Researchers need to be cautious with interpretation of results, and aware that response biases have been reported in cross-cultural surveys with other instruments. In particular, acquiescent responses to personally relevant items have been more commonly observed in collectivist cultures [19, 20]. Cut-off points for each instrument and population norms, preferably with existing result databases to allow meaningful comparisons and conclusions to be drawn, should also be available if possible. Determination of cut-off values normally involves comparison with other instruments or interviews as the 'gold standard' to assess the validity of the instrument and should ideally be determined for each cultural group surveyed. For example, high prevalence of anxiety and depression are commonly reported in Afghanistan, however, a comparison of standard mental health questionnaires with psychiatric interviews indicated differences in optimal cut-off points[21]. In particular, gender disparities have been noted, with recommended cut-off points lower than normal for men and higher for women, suggesting that some studies may have over or under-estimated prevalence rates respectively.
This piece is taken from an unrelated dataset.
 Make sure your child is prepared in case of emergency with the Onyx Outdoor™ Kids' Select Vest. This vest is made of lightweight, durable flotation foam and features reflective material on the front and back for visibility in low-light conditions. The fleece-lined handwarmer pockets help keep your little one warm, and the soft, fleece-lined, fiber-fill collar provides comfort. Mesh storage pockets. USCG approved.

Although it was beyond the scope of the present study to determine this, mean K-10 scores for females were 21.8 and for men 18.5, so even if these were adjusted accordingly would still fall within the mild/moderate risk range for psychological distress.

Our study was exploratory as comparative assessment of similar ethnic groups in Australia and New Zealand has not previously been attempted, however, there are limitations that need to be acknowledged. Firstly, our desire to use pre-translated, culturally validated instruments in Farsi considerably limited the choice of instruments available. None of the specialised refugee instruments was available in Farsi, nor were we able to locate any other commonly used tools in that language when the study was developed in 2006-7. Some authors prohibit independent translation, and as it was beyond the scope of our study to undertake a full translation/validation procedure, a key selection criterion was suitable instrument language availability. However, because these instruments have not commonly been used with refugee groups, comparison data is limited. Although validation should ideally be carried out with each target group, we had to rely on those who translated the instruments and used Farsi-speaking groups as a proxy for our Afghan and Kurdish participants. The chain referral sampling method used also limits generalisability of our results to a wider population, although the personal endorsements characterised by this method helped break down barriers, providing reassurance to potentially suspicious participants. This proved particularly helpful for recruitment of female participants and helped ensure a large enough sample for a valid study.
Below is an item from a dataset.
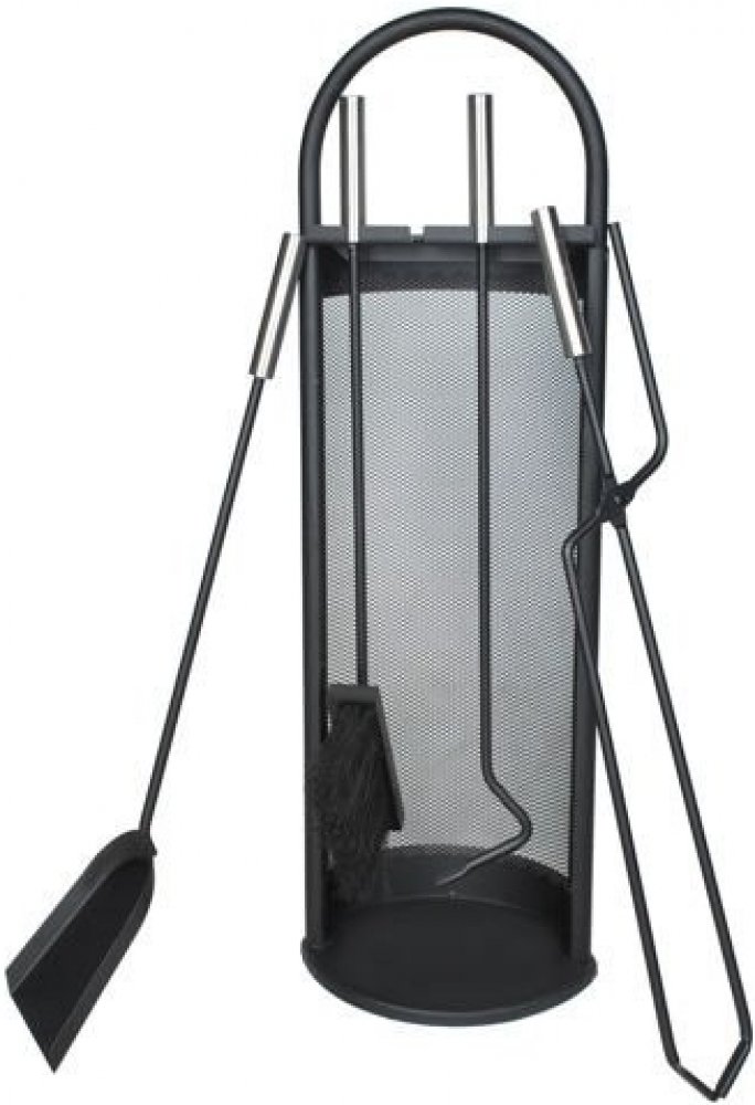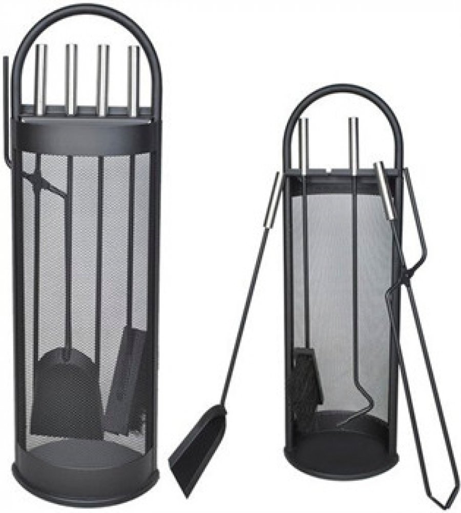 Moderní design pěti dílné sady krbového náčiní, kde každý doplněk má své místo.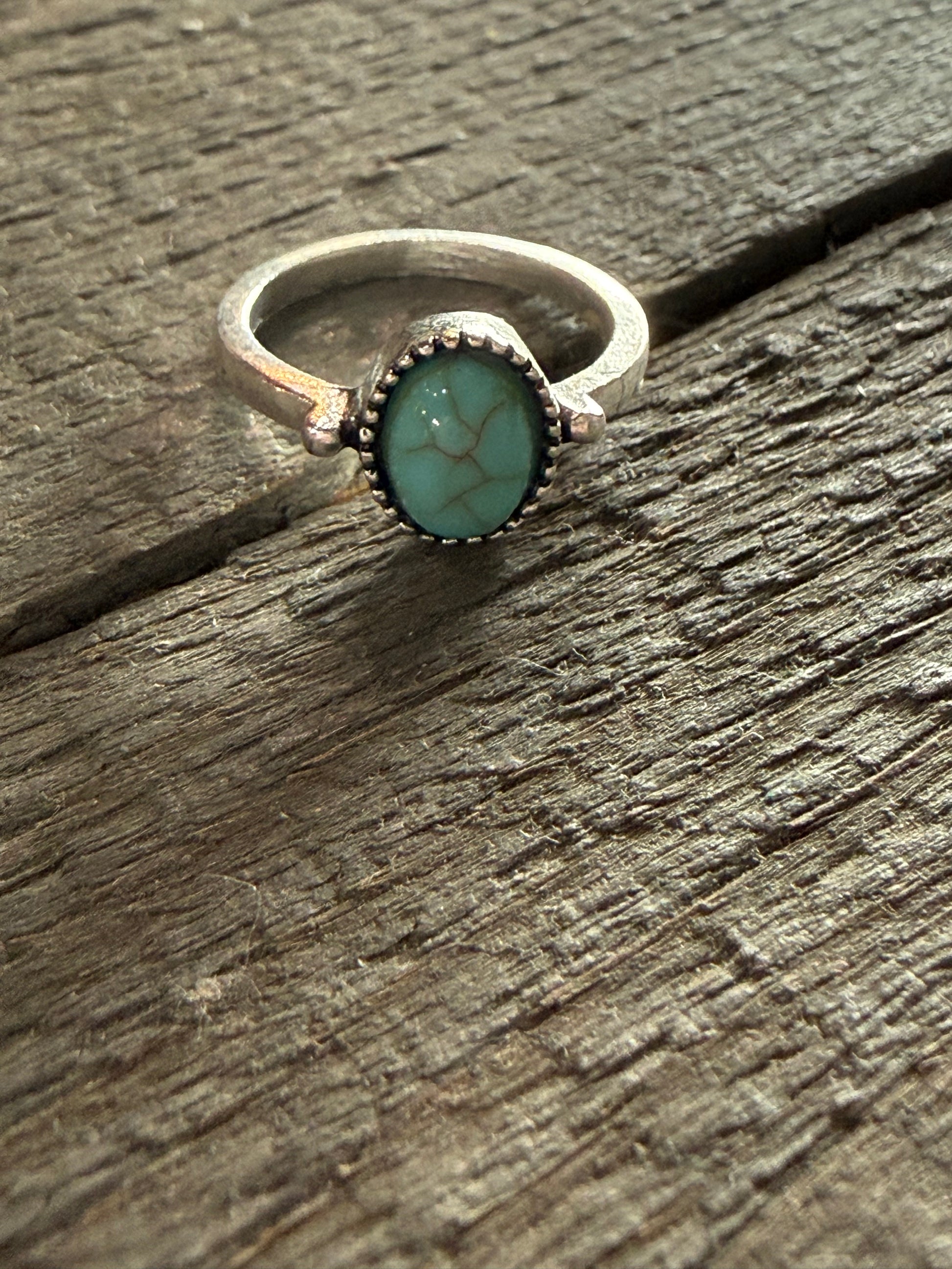 The Western Day ring features a striking combination of turquoise and silver, offering a durable and stylish accessory. Turquoise is known for its historical significance and potential healing properties, while silver provides a classic aesthetic and longevity, making this ring suitable for both everyday wear and special occasions.

Overall, our experience with these three instruments, the Kessler-10 Psychological Distress scale, General Perceived Self Efficacy scale and Personal Well-Being Index suggests they are suitable for use with former refugees from the Middle East and Afghanistan. They were easy to obtain in appropriate languages and scripts, generally presented no significant problems for participant completion, have population datasets available for comparison and showed good reliability when tested with our sample. The majority of Afghan participants completed Farsi language versions with most Kurdish participants preferring English questionnaires to Farsi, and no participant choosing Arabic or Turkish versions. Participants settled 11 years or longer were more likely to complete English versions than those settled ten years or less, so provision of study materials in suitable language translations for participants within this time frame is important.
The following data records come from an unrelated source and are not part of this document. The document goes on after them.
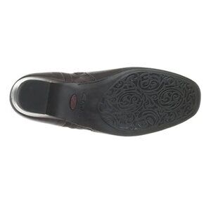 Bootie featuring buckle strap at opening and ribbed side panels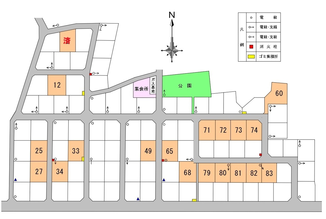 - 電柱、支線、支柱は区画図に表示した位置(敷地内)に設置済です。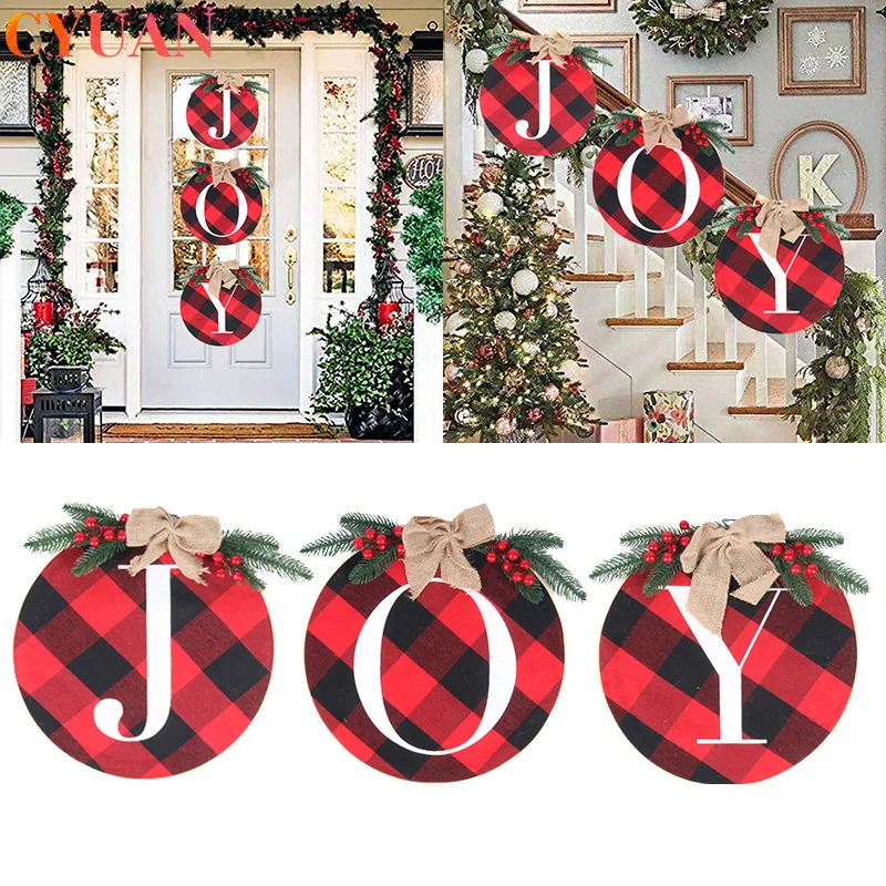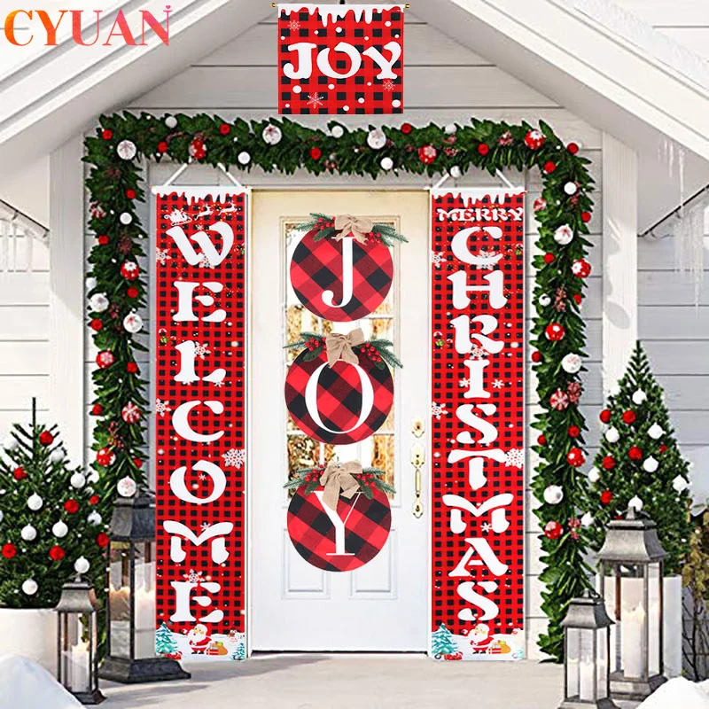 2022 уличные рождественские украшения для дома, Счастливого Рождества, Нового года, Красная клетка, дверь крыльца, радостные знаки, рождественские баннеры, украшения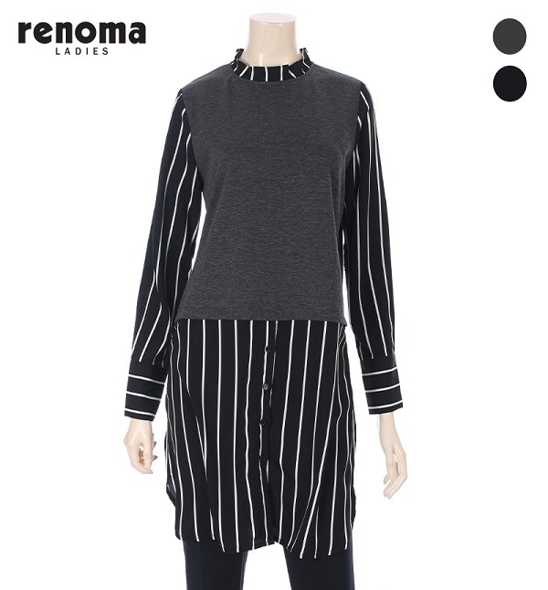 우븐소재 블라우스에 저지 배색으로 레이어드하여 착용한 듯한 블라우스 입니다롱기장의 블라우스로 멋 스럽게 코디하기 좋은 상품이고 여유있게 덜어지는 핏 감으로 세련된 디자인 입니다 슬림한 팬츠나 레깅스 위에 박시하게 코디 하거나 데님 팬츠나 슬랙스와 매칭하기 좋은 상품입니다기장은 33 1/2 인치입니다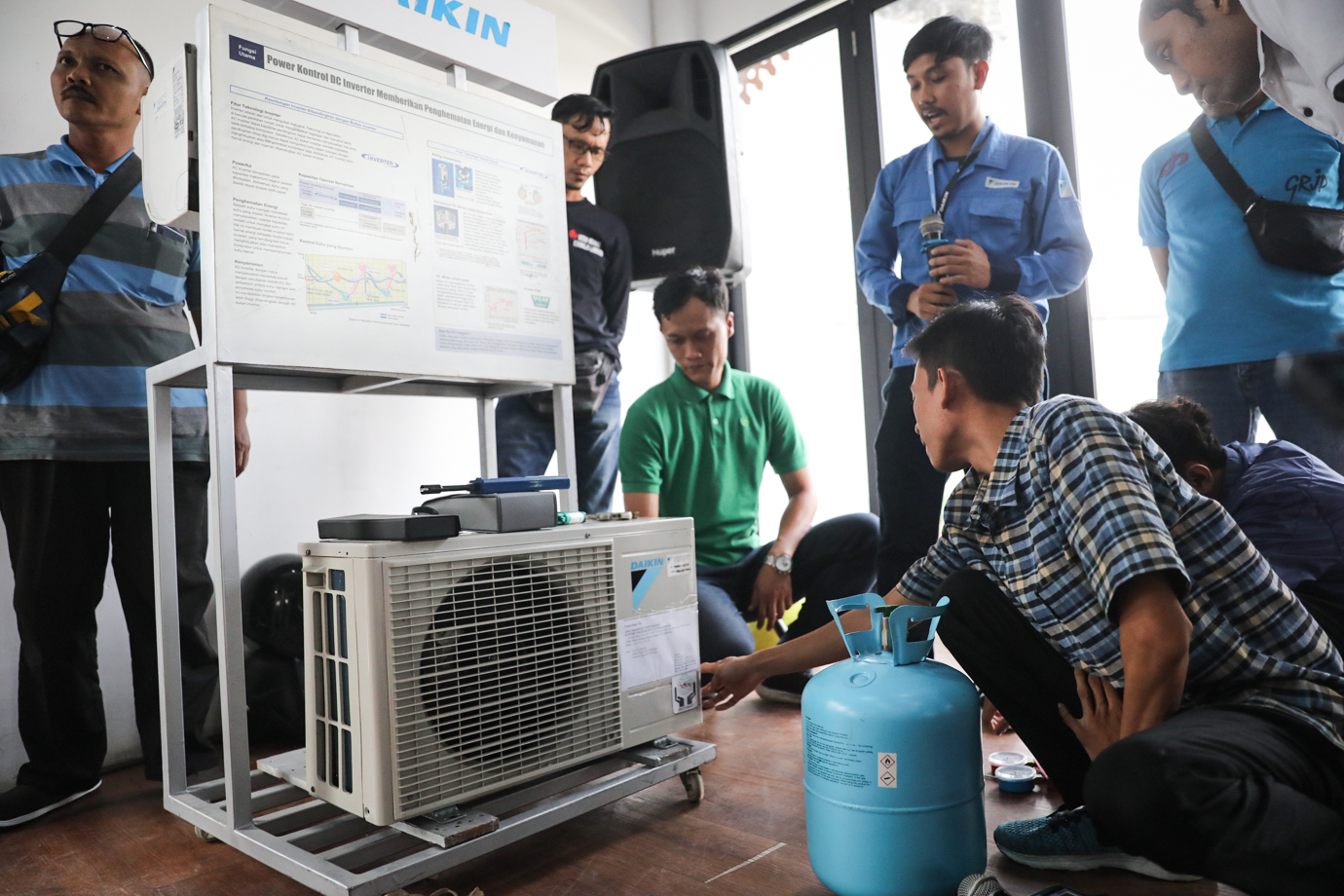 Sebanyak 50 peserta mengikuti pelatihan servis air conditioner (AC) di Aula Bale Gede, Kantor Kelurahan Kramat Jati, Jakarta Timur, Selasa (24/9). Kegiatan ini diinisiasi Suku Dinas Tenaga Kerja, Transmigrasi dan Energi (Sudin Nakertransgi) Jakarta Timur menggelar pelatihan gratis tersebut selama lima hari pada pada 23 - 27 September 2024.

Despite predictions of an increasing number of refugees in the future, at present there are limited methodological articles available to assist researchers planning studies with ethnic minority groups. Reviews of suitable instruments to allow collection of consistent and comparable data from refugees is needed. As our societies become increasingly multicultural, there is an imperative to ensure research with diverse ethnic groups is robust and conceptually sound, so instrument evaluation, cross-cultural and linguistic preferences, and interpretation of results should all be taken into consideration as part of the research process.